Accidently on Purpose

Monday, June 04, 2007

You couldn't make it up, really

Ultrasound appointment is now in, oh, 16 hours. One hour ago: large and unsavoury plug of brown mucus on routine loo trip. Now: fresh red blood and cramps. Curiously, my main emotion, at the moment, is relief - at least I am out of my uncertainty, looks like nature/my body/the Goddess has taken the D and C decision out of my hands (again), and surely a natural miscarriage at 7 w 5 d has to be less bad than one at 10 w 4 d (last time) - doesn't it?

This time tomorrow -

- I'll know for sure whether there's a live embryo on board, or not. 95%, I think not, but there is still that little flicker of hope that I can't quite give up on yet. My breasts are still tender, still no spotting at all, and coffee is still not all that appealing, but there is so very little nausea, and in other respects I feel so much the same as usual (not much increase in urination, no overwhelming fatigue, just the usual kind) that I really can't convince myself that things are as they should be. I would put a moderate sum of money on an exact repetition of last time, overall, I think.
So my main concern is how to deal with the end of all this, assuming it's about to end. Do I go for a D and C (yuck, yuck) or a home miscarriage (bloody yuck)? Do I tell Mum? the girls? Do I try to schedule it for sometime convenient (ish) or hope that everything works out for the best on its own?
Julia , who is currently on her 13th pregnancy with only one live child, and is at exactly the same stage as me with this pregnancy, having had her last miscarriage at the same time as I did, has been a great source of wisdom to me through all this. Not that I know her or anything, but her writing is enormously helpful, and the struggles she has been through make mine look like fleabites in comparison. She says, on her "Infertility Diaries" blog, linked from her personal blog, that her philosophy on this issue is to worry about reproductive crises conflicting with other life events when it happens, and otherwise to keep on arranging everyday life as if there were no crises to be fitted around.

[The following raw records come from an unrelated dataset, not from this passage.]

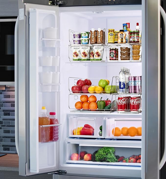 - Versatile Use: Great for storing fruits, veggies, packaged goods, yogurts, canned goods, drink boxes, baby food, condiments, cleaning supplies, bath products, makeup, and more. Versatile use as clear open front storage bins, stackable food storage bins, stackable kitchen storage, clear plastic bins for pantry, stackable cabinet storage bins, stackable bins for pantry, open bin storage basket, and stackable pantry bins
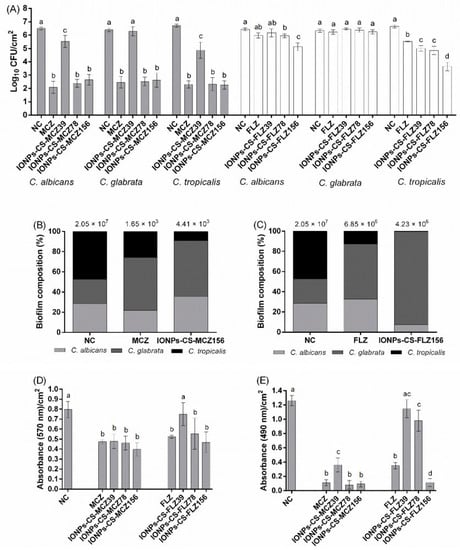 MCZ, IONPs-CS-MCZ78, and IONPs-CS-MCZ156 did not differ from one another and achieved the greatest reductions (3.77- to 4.46-log10; p < 0.001) in CFU numbers of C. albicans, C. glabrata, and C. tropicalis compared to NC (Figure 1A). Although IONPs-CS-MCZ39 led to significant decreases in CFUs of C. albicans and C. tropicalis compared to NC, this nanocarrier was not able to overcome the reductions promoted by MCZ alone (Figure 1A).
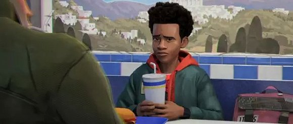 第二段是电影中的完整场景,故事发生在迈尔斯被一只放射性蜘蛛咬伤后不久,迈尔斯在学校遇到了一个名叫旺达的新来的女孩,他无法在其周围控制自己的能力,很快他的手就粘在了女孩的头发上。这两个人都被对方弄得很尴尬,最后不得不给旺达剪了头发才使得两个人分开。
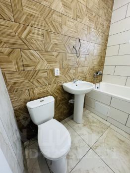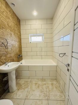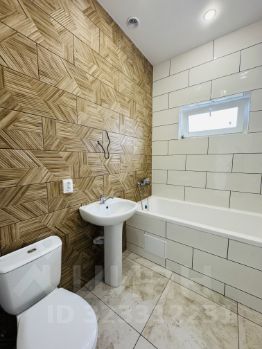 Отделка Под Ключ: на полу - керамогранит, на стенах обои, межкомнатные двери, натяжные потолки с точечными светильниками, в санузле кафель.
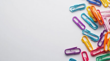 A collection of scattered colorful paperclips on a white desk, symbolizing organization and the structuring of ideas, with space for text
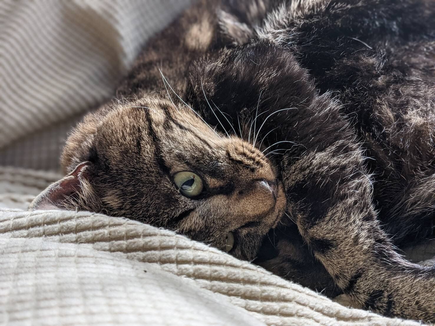 紹介するのは、X(旧Twitter)ユーザー@pushu_gubiさんの愛猫・神楽ちゃん。飼い主さんに頭を向ける写真に約6.5万のいいねが付いて話題になった神楽ちゃんについて、飼い主さんに詳しい話を伺いました。
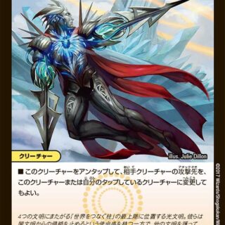 スター進化:レクスターズまたは火のクリーチャー1体の上に置く。(このクリーチャーが離れる時、かわりに一番上のカードが離れる)パワーアタッカー+6000 (攻撃中、このクリーチャーのパワーを+6000 する)W・ブレイカー(このクリーチャーはシールドを2つブレイクする)このカードが離れた時、その下にあったクリーチャーをアンタップする。
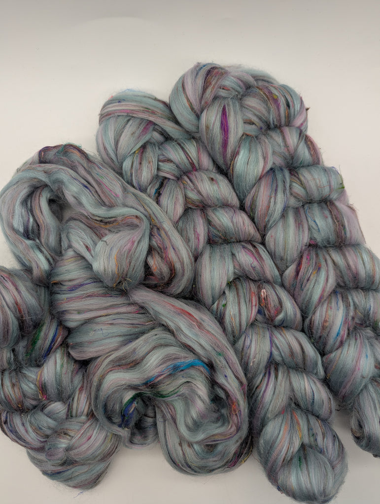 A gorgeous blend of 66% extra fine merino , 17% Tussah Silk and 16% Sari Silk
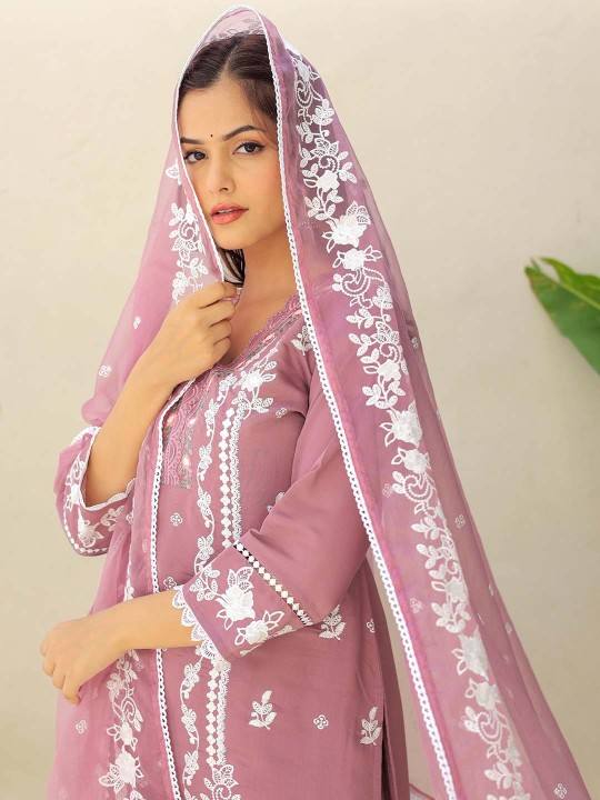 Pink Floral Embroidered Regular Pure Silk Kurta With Trouser With Dupatta
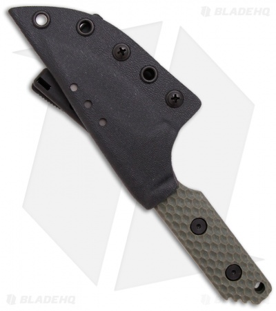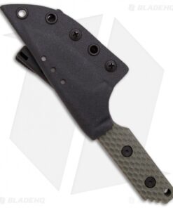 This SA fixed blade knife from Strider has a 3/16 inch thick S30V stainless steel spear point blade with a tiger stripe finish. The front tang is marked “STRIDER” and the back has their logo. Full tang construction makes this knife very solid. The handle is GG “Gunner Grip” green G-10 and features jimping on the thumb ramp. Includes a Kydex sheath.
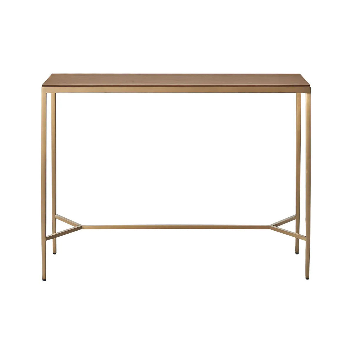 The Cloe Timber Large Console Table is a sophisticated fusion of timeless craftsmanship and contemporary design, an essential for interiors that demand both elegance and edge. Showcasing a beautifully grained walnut veneer top set upon a bold brushed gold stainless steel frame, this piece celebrates the striking interplay between natural warmth and metallic luxe.
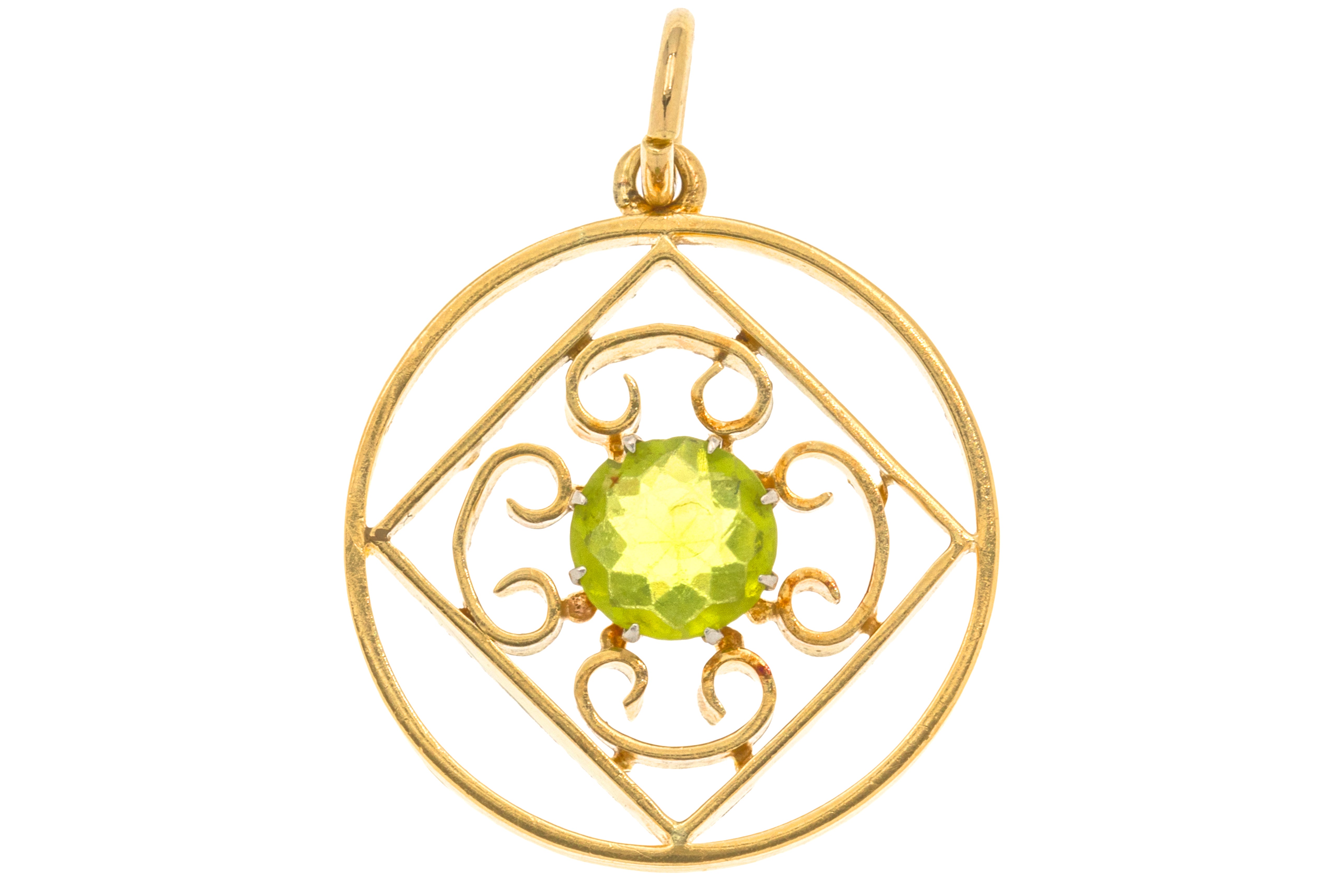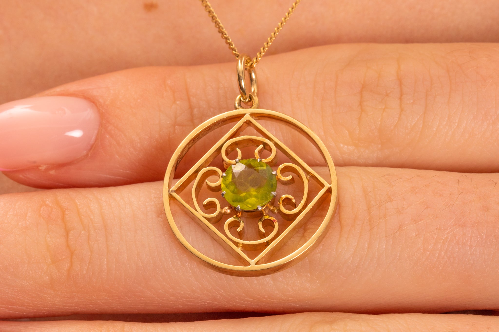 We adore this 9ct Gold Peridot pendant! This sweet piece is crafted from solid Gold and is inlaid with a zesty  Peridot that twinkles beautifully as this vintage pendant catches the light.
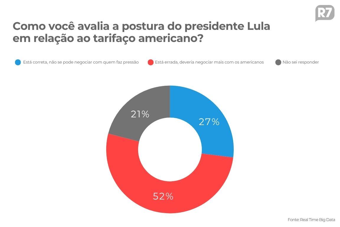 A sondagem indica ainda descontentamento em relação à atuação do governo brasileiro diante do tarifaço. Para 52% dos consultados, a postura atual está equivocada e o Planalto deveria reforçar o diálogo com os norte-americanos.
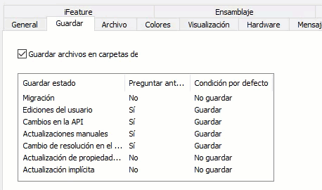 Si cierra un archivo sin guardar los cambios realizados, por defecto, un mensaje le preguntará si desea guardar los cambios antes de cerrar. Haga clic en las entradas de las columnas Preguntar antes de guardar y Condición por defecto para especificar el comportamiento de guardado para cada tipo de estado de guardado. Utilice la casilla de verificación Guardar archivos en carpetas de biblioteca para controlar la condición por defecto del guardado de archivos en las carpetas de bibliotecas del Centro de contenido. Cuando está sin seleccionar, los archivos de las rutas de biblioteca no se muestran en el cuadro de diálogo Guardar y no se guardan.
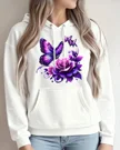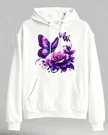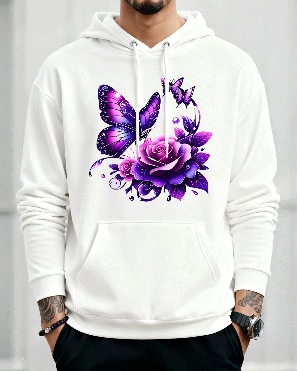 Purple Butterfly and Rose Cozy Graphic Hoodie for Men and Women - Artistic Vintage, Long Sleeve, Soft Fabric, Comfortable Fit
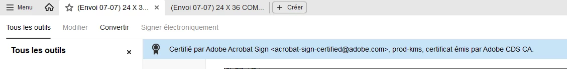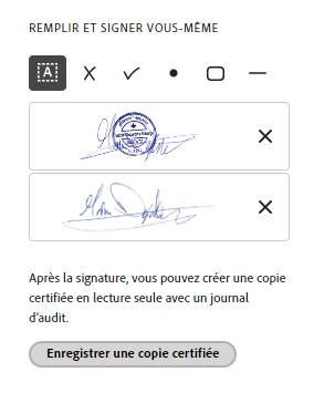 J'utilise le bouton ''enregistrer une copie certifiée'' lorsque je signe des documents (Ci-dessous). L'onglet ''signer électroniquement'' est pratique, car il me permet de signer plusieurs pages sur un même document facilement. Je souhaite continuer à utiliser cette méthode de signature.
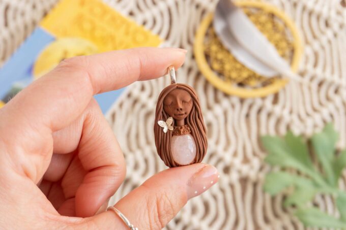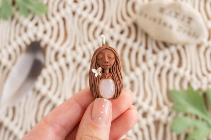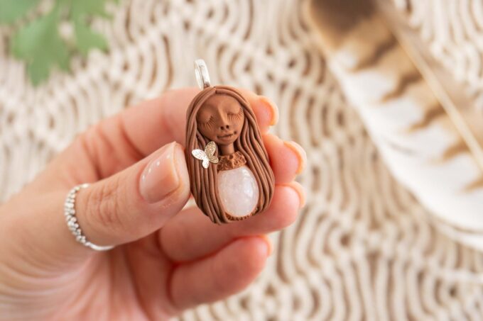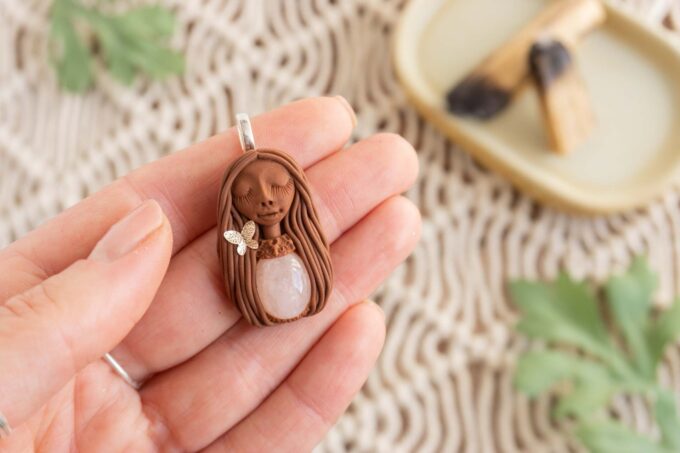 Čarobnica je izdelana iz polimerne gline. Vsak kos je unikaten in na voljo samo en kos. Izdelek lahko minimalno odstopa v barvnih niansah in detajlih, vendar se trudim, da bo vaš izdelek v naravi identičen opisu in fotografiji.
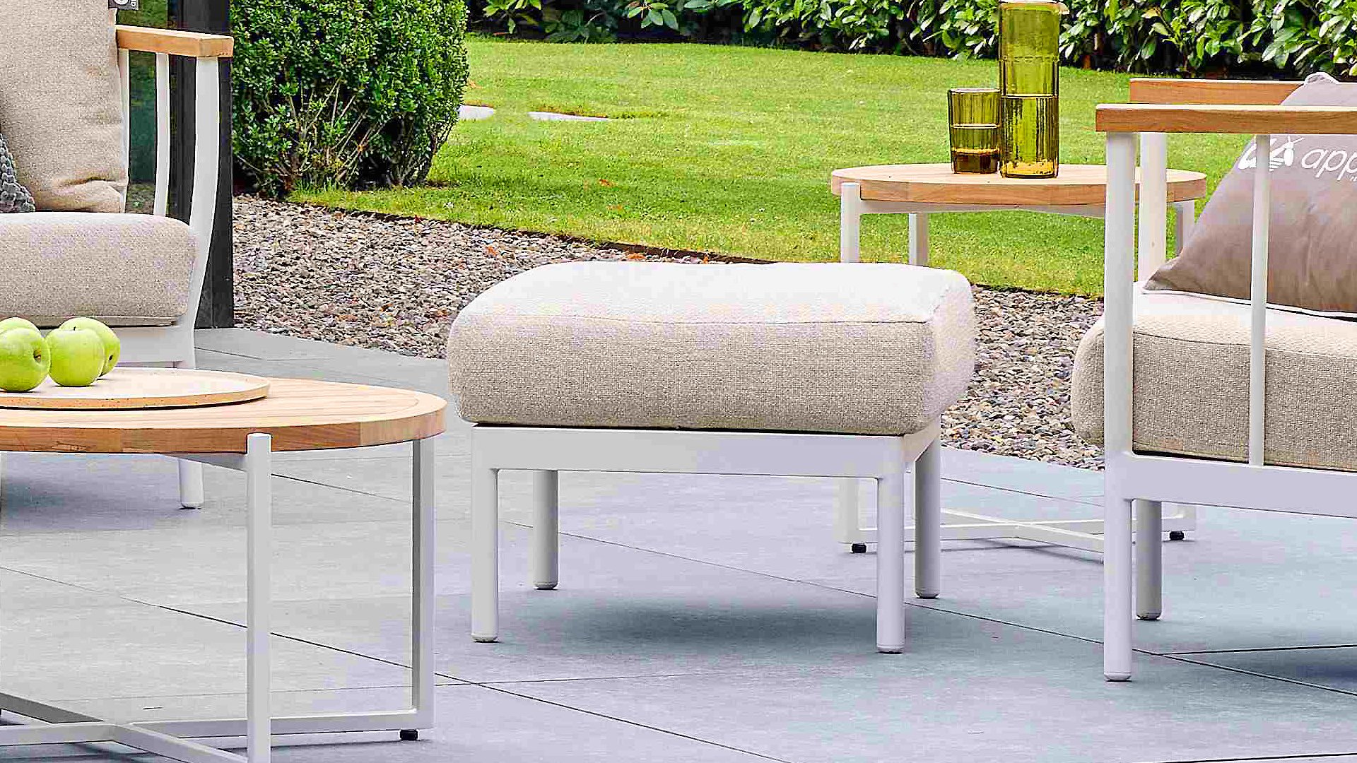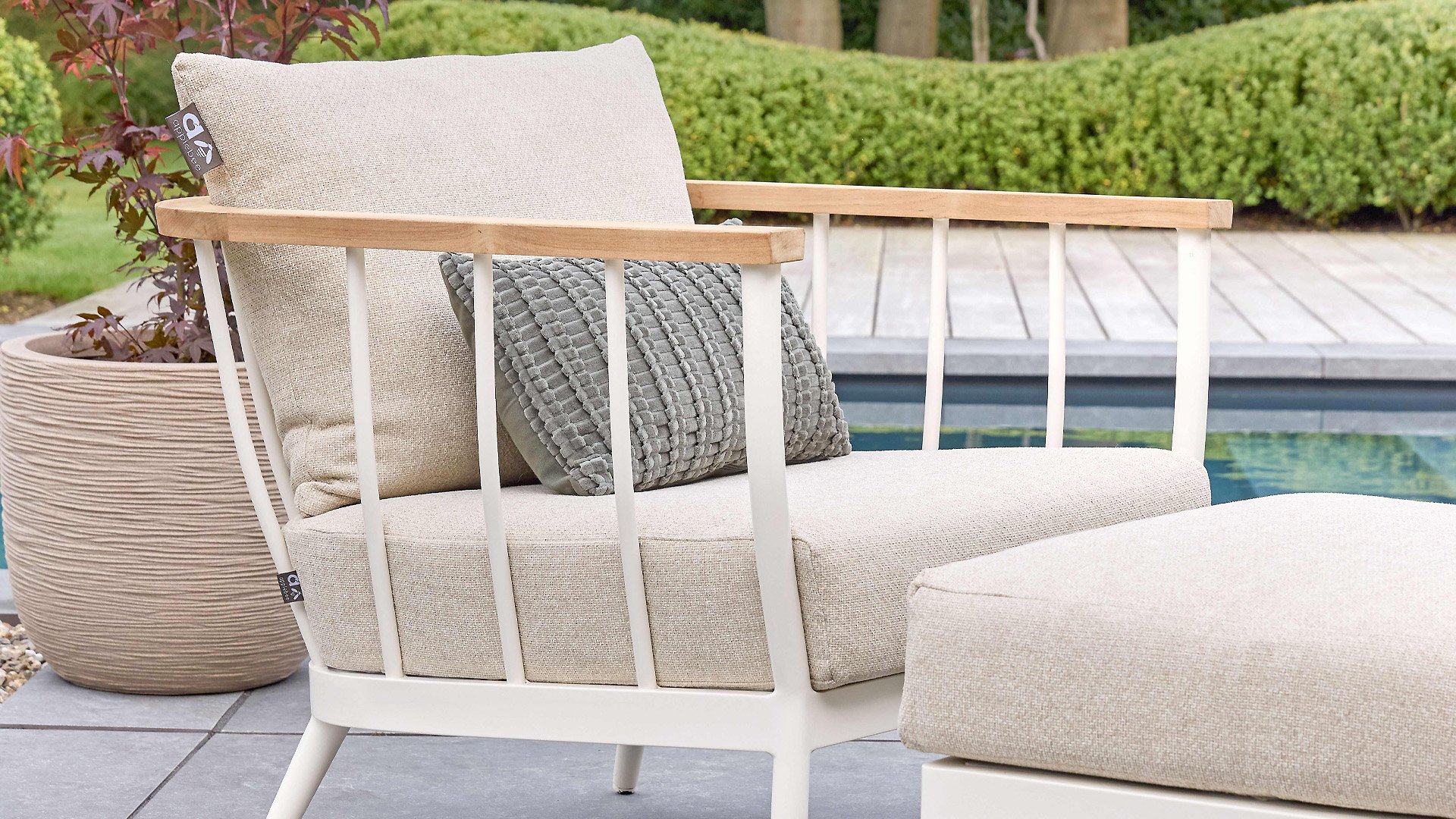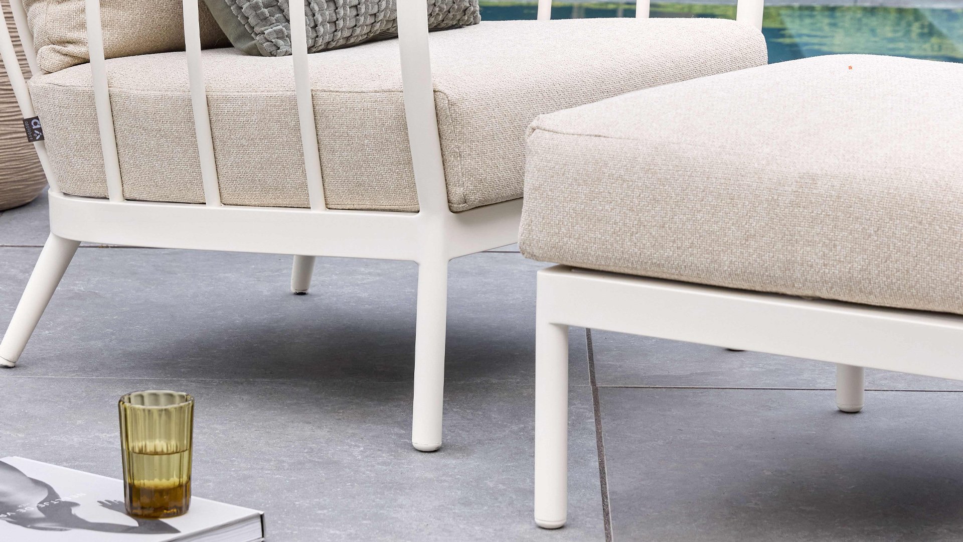 Die Apple Bee Condor Lounge Oyster hat ein klares, robustes Aussehen. Das Basismaterial ist Oyster-farbenes pulverbeschichtetes Aluminium. Die BEE WETT® Kissen haben eine grobe Webstruktur, aber mit einem weichen Griff.
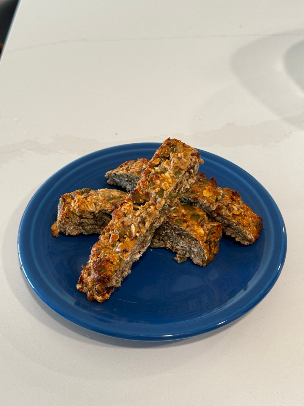 Remove the sheet from the oven and allow the cooked batter to cool for 5-10 minutes, then cut it into 8 granola bar-sized rectangles. I suggest putting them in the freezer to get them to firm up, but you can keep them in the refrigerator if you want softer bars. Save them for after a workout, or whenever you need a quick pick-me up. You’ll love them!
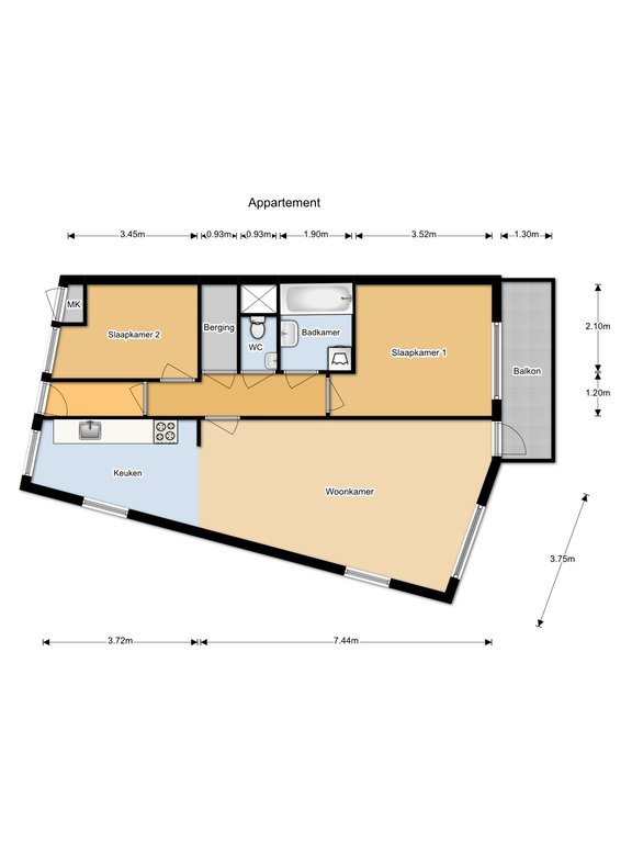 Appartement: Entree met hal, intercominstallatie, ruime bergkast en modern separaat toilet met fonteintje. Speelse woonkamer met deur naar zonnig balkon. Door de ligging op de hoek zijn er 2 zijramen waardoor er veel lichtinval is. Prima keuken welke met losse apparatuur aangevuld kan worden. Het appartement telt 2 ruime slaapkamers. Moderne en vernieuwde badkamer met douche, wastafel en wasmachineaansluiting.

I can see that she is absolutely right about this. We had a very pleasant weekend, having friends round for dinner on the Saturday and seeing John's sister and her family on the Sunday, and I was able not to think about all this for - oh - hours at a time. And once all the practicalities are done, I think it will be easier for me to move on mentally than it was last year, both because I have been through it all before and because this time is the end of the path, closure on all the circular thoughts I have crawled endlessly around for the last year.
But today, with nothing much happening, and the definitive ultrasound creeping so slowly closer - today, it's hard. At least I'm cleaning the fridge.